Graeme Dobell looks at humanitarian intervention in theory and practice

Graeme Dobell 16 December 2011 2664 words

Much can go wrong even as a few good things can go right: British PM David Cameron and French president Nicolas Sarkozy with the chair of the National Transitional Council of Libya, Mustafa Abdul Jalil, in September. UK Prime Minister’s Office

Humanitarian Intervention and the United Nations
By Norrie MacQueen | Edinburgh University Press | $145.95

Can Intervention Work?
By Rory Stewart and Gerald Knaus | Norton | $29.95 |

Armed Humanitarians: The Rise of the Nation Builders
By Nathan Hodge | Bloomsbury | $35

YOU can do a lot of things with bayonets, but you can’t sit on them. This rumination on the limits of military force has been attributed variously to Talleyrand, Napoleon, Cavour and even Thomas Hardy. Over the last decade in Afghanistan and Iraq, the United States has been learning anew what it means. Just as importantly, though, the international community – especially via the United Nations – has been grappling with a completely new version of the quandary. Beyond waging war with bayonets, can you also use them to carve out new governments and create peaceful societies?

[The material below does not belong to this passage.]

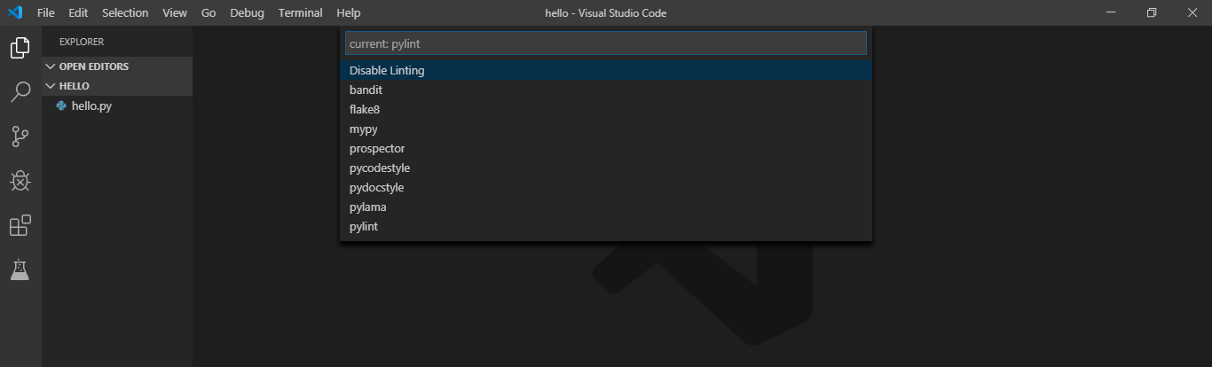 It basically highlights the syntactic and styling problems in the python source code. To enable linters we can use the following approach, although the python extension comes enabled with a pylint linter as a default. Press “ctrl+shift+p” and select the python: select linter in the pallet.

Call it the bayonet conundrum: What is the best time to intervene? What is the point of intervention? How sharp should be the point of the bayonet? The conundrum has become as important to the US experience in Afghanistan and Iraq as it is for the United Nations’ understanding of itself and what it can attempt.

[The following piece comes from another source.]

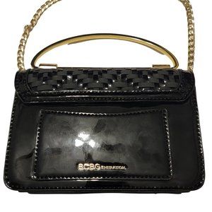 BCBGeneration Shiny Black Evening/Clutch Purse with Strap & Gold Metal Handle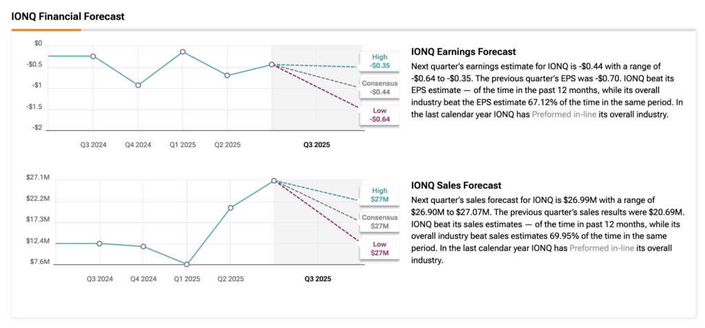 Wall Street analysts expect IonQ to report negative EPS (earnings per share) of $0.44 for Q3, compared to negative EPS of $0.24 in the same quarter last year. On the other hand, analysts project Q3 revenues to grow over 100% year-over-year to $26.9 million, according to the IONQ’s TipRanks Analyst Forecasts Page.

Lots of labels are applied to the attempt to force peace at the point of a bayonet: humanitarian intervention, liberal imperialism, armed social work, military humanitarianism, nation-building under fire, saving failed states, enlightened militarism. The descriptions can be antagonistic, ambivalent or ambitious. In UN-speak, the newest label is the Responsibility to Protect (RtP or r2p): an attempt to systematise the use of military power to protect people from their own governments. For such an innocuous phrase, the Responsibility to Protect seeks to sidestep a lot of history, not least the sovereign right of governments to do whatever they want inside their own borders.

The NATO war in the skies over Libya was a display of RtP military muscle. In helping to protect the Libyan people from their own government, NATO took a UN resolution and interpreted RtP as the Responsibility to do Precision-bombing. The intervention was messy and deadly, but the aims of the UN resolution were met. Libya will go on the UN honour roll of bayonet moments that worked, alongside names like Cambodia, East Timor, Bosnia and Kosovo.

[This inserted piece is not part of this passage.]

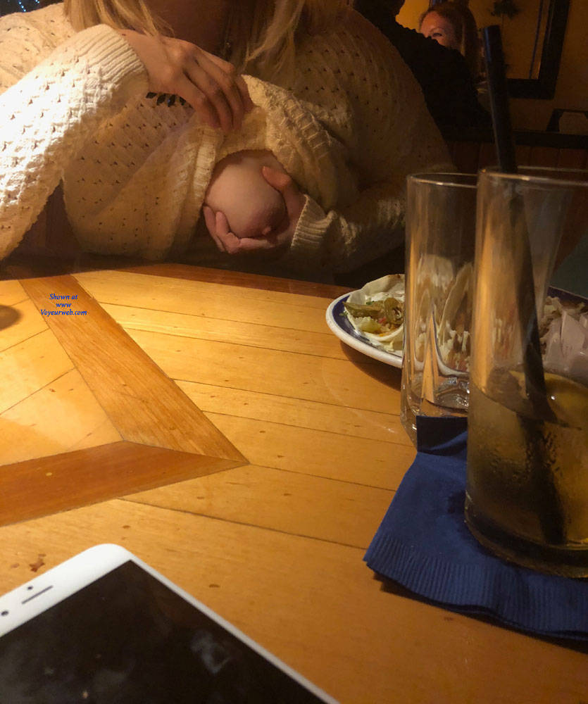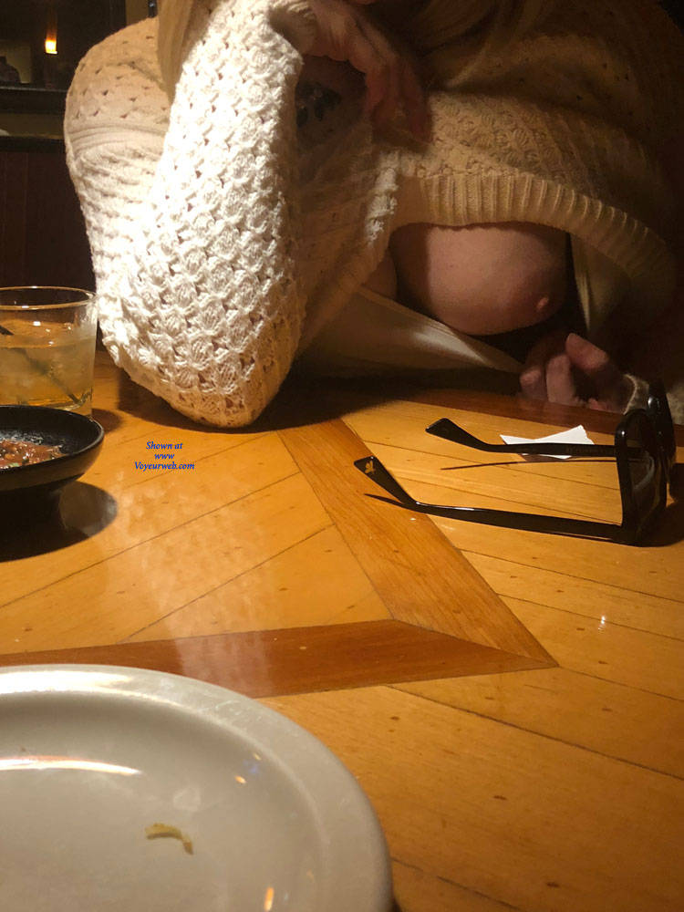 Here she is showing them at a restaurant and on the drive home. She almost got caught in the restaurant!

That list illustrates the shift in UN language from the complex passivity of “peacekeeping” to the armed ambitions of “humanitarian intervention.” The UN peacekeeping tradition is about observing and monitoring ceasefires and peace deals; the new norm being born is about the use and utility of force. Peacekeeping versus enforcement is one of those cultural and bureaucratic battles that reverberate inside the United Nations.

Despite all the compromises and blunders that go with the decision to act, the human impulse that drives intervention is noble. In making that point in his book, Humanitarian Intervention and the United Nations, Norrie MacQueen argues that UN action “has saved many thousands of lives and improved millions more” and so “deserves to be celebrated as a fundamentally decent activity in an often far from decent world.” His book is an essentially positive view of what the United Nations can do, mixed in with large dollops of realpolitik. The British political scientist records how the end of the Cold War had a “huge quantitative impact on UN interventions” because the superpowers were no longer so fixated on keeping others from trespassing on their spheres of interest. But the new norms of intervention are being established by both decisions to act and decisions not to act. Humanitarian need cannot always shoulder aside the prerogatives of national sovereignty, as Syria is currently demonstrating in bloody detail.

MacQueen strikes a strange note in the first paragraph of his first chapter by finding historical roots in the great wars between Christianity and Islam: “What were the medieval crusades if not ‘collective humanitarian interventions’ at least in the justifications, and usually also somewhere in the consciences, of the crusaders themselves? Those who bore the brunt of those Christian onslaughts obviously did not see things quite in that light. But then, as now, such operations are defined differently when seen through different lenses.”

Using a present-day lens, with plenty of caveats, MacQueen sets out the theoretical evolution of intervention and then looks at how it worked in Africa, the Balkans and what he picks as perhaps the model intervention – the birth of Timor Leste. He points to all the moral, practical and national self-interest objections to intervention as he works towards his conclusion that the “whats,” “wheres” and “hows” of interventions will always be subject to passion, controversy and dispute (the actual word he uses is that wonderful academic descriptor, “problematic”). But the answer to the question of “who” should act, he argues, is clear: the United Nations, with all its obvious weaknesses, is the best agent of intervention:

Military activity is subject to Security Council approval, with all that means in the context of a body subject to multiple veto. Its machinery is slow and steady, offering only limited possibilities of rapid reaction. The forces it deploys are often multinational in the broadest, most haphazard sense. Yet these are at least as much strengths as weaknesses. They give a legitimacy and solidity which can be provided by no other international actor. In the uncertain and complex field of armed humanitarian intervention it is reasonable to describe the United Nations as the worst possible option – apart from all the others.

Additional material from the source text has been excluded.